Síguenos F Y T I T R
Hoy es noticiaEs noticia:

Tres décadas dedicados a la construcción

La empresa familiar BM Confort afronta el relevo generacional e impulsa el primer edificio de ‘coliving’ de la isla para resolver el problema a la vivienda

Adrián y Óscar Bedoya están al frente de la empresa familiar ibicenca BM Confort.

|

Hablar del mercado inmobiliario en Eivissa es hablar de uno de los mayores desafíos económicos de la isla. La escasez de suelo disponible, el incremento constante de los costes de construcción, la lentitud administrativa y una demanda que supera ampliamente a la oferta han convertido el acceso a la vivienda en una de las principales preocupaciones tanto para residentes como para empresas. En este contexto, cualquier iniciativa que proponga nuevas soluciones adquiere un especial interés para la opinión pública, en especial, para los residentes.

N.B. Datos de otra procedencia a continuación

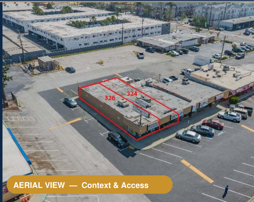
AERIAL VIEW — Context & Access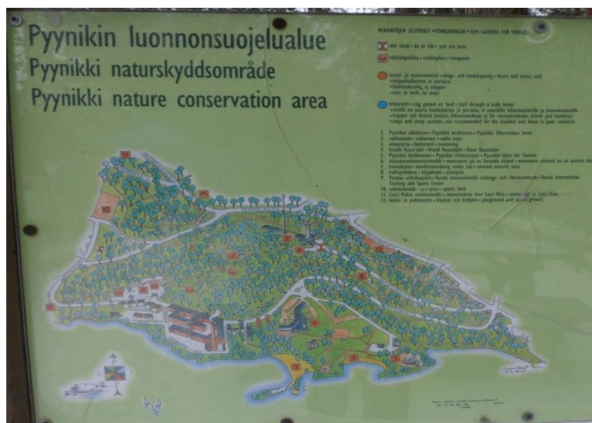
PICTURE 2. Pyynikki nature conservation area

There are several objects in the area, which are part of the built environment of Pyynikki. Facilities located in and around the protected area include observation tower with the cafeteria, summer theatre, several buildings of various kinds of use (houses for inhabitants, offices etc.), hotel Scandic Rosendahl, sports facilities (sports field, Varala International Training and Sports Center, covered exercise area, play- and sports ground near Palomäentie), and a couple of monuments (monument to Lauri Viita and monument erected on an ancient shore). Picture 2 (page 18) shows the location of these objects on the map. Two of them are worth to be described in more details as they attract tourists coming to Tampere from everywhere, hence experience the impacts of mass tourism on the environment.

Es precisamente en ese escenario donde BM Confort ha decidido dar un paso diferente. La promotora ibicenca, una empresa familiar con más de 30 años de trayectoria en la promoción residencial, impulsa el primer proyecto de coliving desarrollado en Eivissa, una fórmula habitacional que pretende ofrecer una respuesta flexible para trabajadores desplazados y residentes temporales sin perder de vista el objetivo de aliviar la presión sobre la vivienda convencional. La iniciativa supone también un nuevo capítulo en la historia de una compañía que ha sabido combinar la experiencia acumulada por la primera generación con la incorporación de una visión empresarial más innovadora de la mano de los hermanos Óscar y Adrián Bedoya.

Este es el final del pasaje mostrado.